■ **DIRECTIONS**: Repeat the entire listing exactly. Omit all pictures.

■ **PROVIDED INFORMATION**:
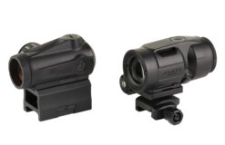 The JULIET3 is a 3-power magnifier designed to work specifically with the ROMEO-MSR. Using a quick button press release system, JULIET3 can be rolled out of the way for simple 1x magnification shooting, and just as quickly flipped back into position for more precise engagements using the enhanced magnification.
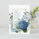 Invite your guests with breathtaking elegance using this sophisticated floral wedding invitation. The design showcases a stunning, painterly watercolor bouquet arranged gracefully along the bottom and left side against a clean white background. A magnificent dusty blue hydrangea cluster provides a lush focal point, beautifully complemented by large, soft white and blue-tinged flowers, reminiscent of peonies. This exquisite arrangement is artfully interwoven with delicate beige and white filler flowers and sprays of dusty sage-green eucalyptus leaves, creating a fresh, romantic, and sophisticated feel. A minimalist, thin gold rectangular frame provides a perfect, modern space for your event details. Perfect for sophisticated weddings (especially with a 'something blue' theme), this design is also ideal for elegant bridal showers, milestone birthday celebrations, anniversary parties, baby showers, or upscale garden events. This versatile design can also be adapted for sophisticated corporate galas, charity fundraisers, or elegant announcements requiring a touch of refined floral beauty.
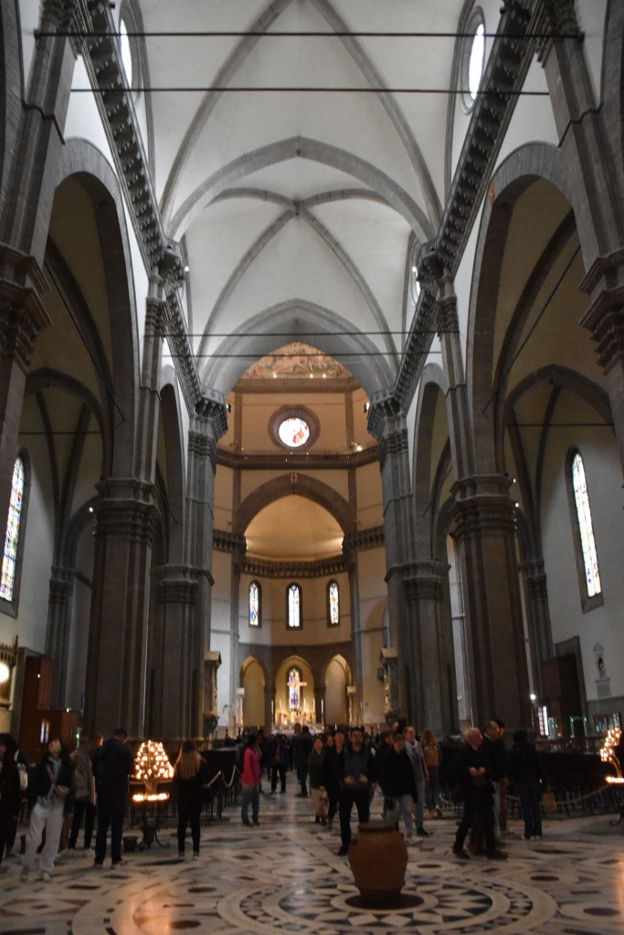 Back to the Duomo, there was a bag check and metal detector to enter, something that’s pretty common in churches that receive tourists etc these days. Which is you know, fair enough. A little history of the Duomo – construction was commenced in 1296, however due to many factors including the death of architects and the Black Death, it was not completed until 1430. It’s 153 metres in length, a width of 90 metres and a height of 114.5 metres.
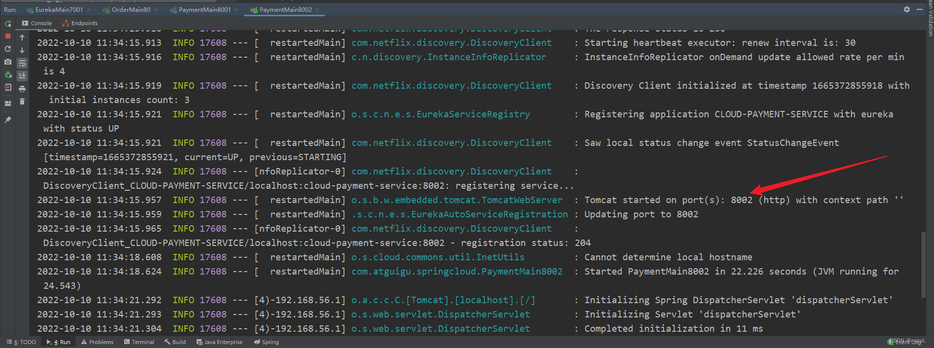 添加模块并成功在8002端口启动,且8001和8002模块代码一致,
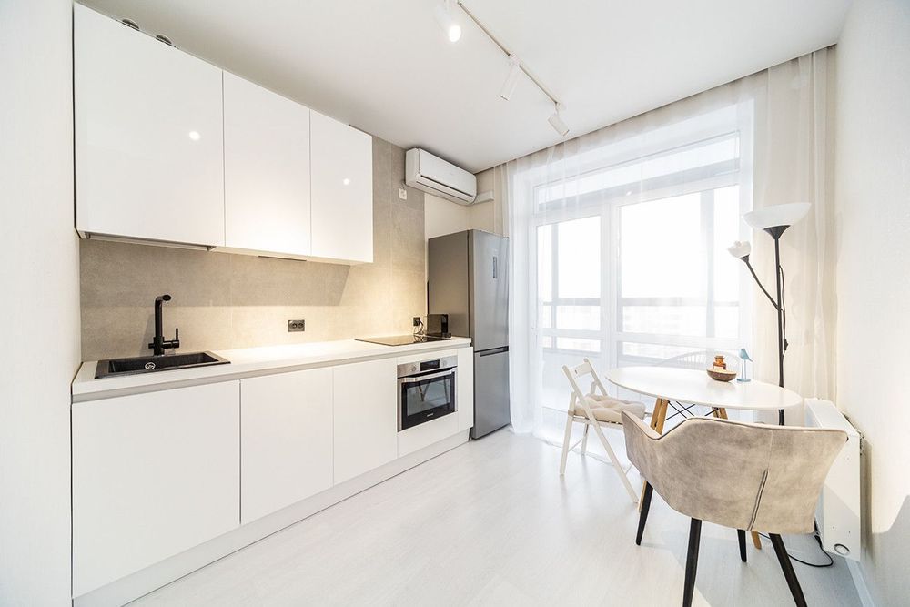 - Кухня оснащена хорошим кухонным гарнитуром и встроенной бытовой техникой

■ **WRITTEN SOLUTION**:
 The JULIET3 is a 3-power magnifier designed to work specifically with the ROMEO-MSR. Using a quick button press release system, JULIET3 can be rolled out of the way for simple 1x magnification shooting, and just as quickly flipped back into position for more precise engagements using the enhanced magnification.
 Invite your guests with breathtaking elegance using this sophisticated floral wedding invitation. The design showcases a stunning, painterly watercolor bouquet arranged gracefully along the bottom and left side against a clean white background. A magnificent dusty blue hydrangea cluster provides a lush focal point, beautifully complemented by large, soft white and blue-tinged flowers, reminiscent of peonies. This exquisite arrangement is artfully interwoven with delicate beige and white filler flowers and sprays of dusty sage-green eucalyptus leaves, creating a fresh, romantic, and sophisticated feel. A minimalist, thin gold rectangular frame provides a perfect, modern space for your event details. Perfect for sophisticated weddings (especially with a 'something blue' theme), this design is also ideal for elegant bridal showers, milestone birthday celebrations, anniversary parties, baby showers, or upscale garden events. This versatile design can also be adapted for sophisticated corporate galas, charity fundraisers, or elegant announcements requiring a touch of refined floral beauty.
 Back to the Duomo, there was a bag check and metal detector to enter, something that’s pretty common in churches that receive tourists etc these days. Which is you know, fair enough. A little history of the Duomo – construction was commenced in 1296, however due to many factors including the death of architects and the Black Death, it was not completed until 1430. It’s 153 metres in length, a width of 90 metres and a height of 114.5 metres.
 添加模块并成功在8002端口启动,且8001和8002模块代码一致,
 - Кухня оснащена хорошим кухонным гарнитуром и встроенной бытовой техникой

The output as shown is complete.